Seeing the truth of this calms the mind. We don't have to know the answer. It is enough to be open to the world and let it affect us.
Checking our priorities
Again, Bohm uses a simple analogy to illustrate the meaning of meaning. If we try to understand what a word means, we have to look at the context, the sentence, the topic, what it refers to, and not analyze each letter.
We do not understand a word better if we analyze it letter by letter. In the same way, when looking at life or self you have to look at the whole system and not analyse the parts or details separately.
Meaning is a feeling. We sense it - or we don't.
After all, meaning is a feeling. We sense it - or we do not. If our motives to live are joy and gain, life is bound to disappoint us.
There is a simple and immediate way to find meaning: awareness. When we are aware, we connect to the world directly. We know what is important and what is not. We do what we must do. We are no longer driven by fear or running after pleasure, but reacting to facts.
Being aware transforms the process of image-making. It also changes our priorities and agenda. The self is not the boss anymore.
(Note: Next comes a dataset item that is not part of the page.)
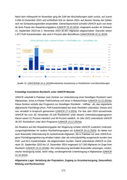 Nach dem Höhepunkt im November ging die Zahl der Abschiebungen stark zurück, auf zuerst 3.458 im Dezember 2023 und schließlich 632 im Jänner 2024, auf dessen Niveau die Zahlen sich mit Schwankungsbreiten einpendelte. Dementsprechend schreibt UNHCR auch von einer de facto Pause des Repatriierungsplans (UNHCR 23.10.2024). Insgesamt wurden im Zeitraum 15. September 2023 bis 2. November 2024 35.957 Afghanen abgeschoben. Darunter waren 1.972 PoR-Karteninhaber, das sind 5 Prozent aller Betroffenen (UNHCR/IOM 10.11.2024). Quelle 13: UNHCR/IOM 10.11.2024Monatsweise Auswertung zu Rückkehrern und Abschiebungen Freiwillige Assistierte Rückkehr unter UNHCR-Mandat UNHCR unterhält in Pakistan zwei Zentren zur Unterstützung einer freiwilligen Rückkehr nach Afghanistan, eines in Khyber Pakhtunkhwa und eines in Belutschistan (UNHCR 13.12.2024a). Diese Zentren wickeln das Programm zur freiwilligen Rückkehr - VolRep - ab, das registrierte afghanische Flüchtlinge [Anm. PoR-Karteninhaber] bei einer Rückkehr unterstützt. Dieses wird nun verstärkt in Anspruch genommen (UNHCR 17.4.2024). Für das Jahr 2024 verzeichnete UNHCR bis zum 30. November 25.130 Rückkehrer unter diesem Unterstützungsprogramm. Davon waren 51 Prozent männlich und 49 Prozent weiblich. Im Jahr 2023 unterstützte UNHCR 36.337 Rückkehrer unter dem Programm (UNHCR 13.12.2024a). Als Reaktion auf den Repatriierungsplan der Regierung richtete UNHCR zusätzlich Unterstüt zungsmöglichkeiten für andere Rückkehrergruppen ein (UNHCR 24.11.2023). Es bietet nun auch finanzielle Unterstützung für rückkehrende Afghanen, die in Pakistan nur eine UNHCR-ei gene Flüchtlingsregistrierung erhalten haben oder als schutzbedürftig ausgemacht wurden bzw. PoR- und ACC-Karteninhaber, die abgeschoben wurden. Damit unterstützte UNHCR im Zeit raum 15. September 2023 bis 12. Dezember 2024 insgesamt 117.200 Afghanen im Zuge ihrer Rückkehr (UNHCR 13.12.2024b). Die Unterstützung beinhaltet finanzielle Leistungen, medizi nische Versorgung sowie, wenn nötig, vorübergehende Unterbringung in Afghanistan (UNHCR 21.10.2024). Allgemeine Lage: Verteilung der Population, Zugang zu Grundversorgung, Gesundheit, Bildung und Rechtsschutz 171
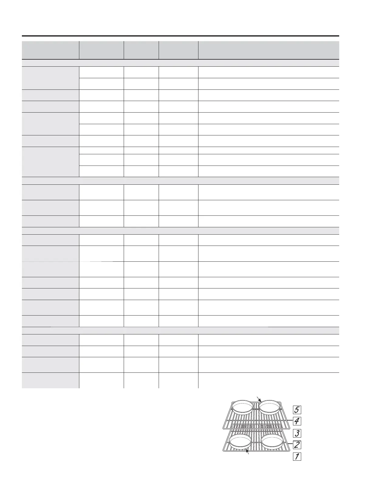 *Al hornear cuatro capas de torta a la vez, use los estantes 2 y 4.

There is an ancient image of the rider and the horse. The rider does not order the movement of the horse by power or force, but by very subtle means. If he falls asleep, the horse goes where it wants to go. He has to think faster than the horse.
That is what is happening to us if we are not aware. The functions of thought take over: fear, rage, anger, pleasure.
When life as a whole is harmonious, we don't have to ask for an ultimate meaning, for then life itself is the meaning. If it is not, we have to find the reason why it is not. Generally speaking, this reason has its root in the sustained and pervasive incoherence in our thoughts, our feelings, and how we live.
Life as a whole is grounded in the matter of the universe but also in what we call spirit. We have to reach this total ground to be able to live a life that is its own meaning.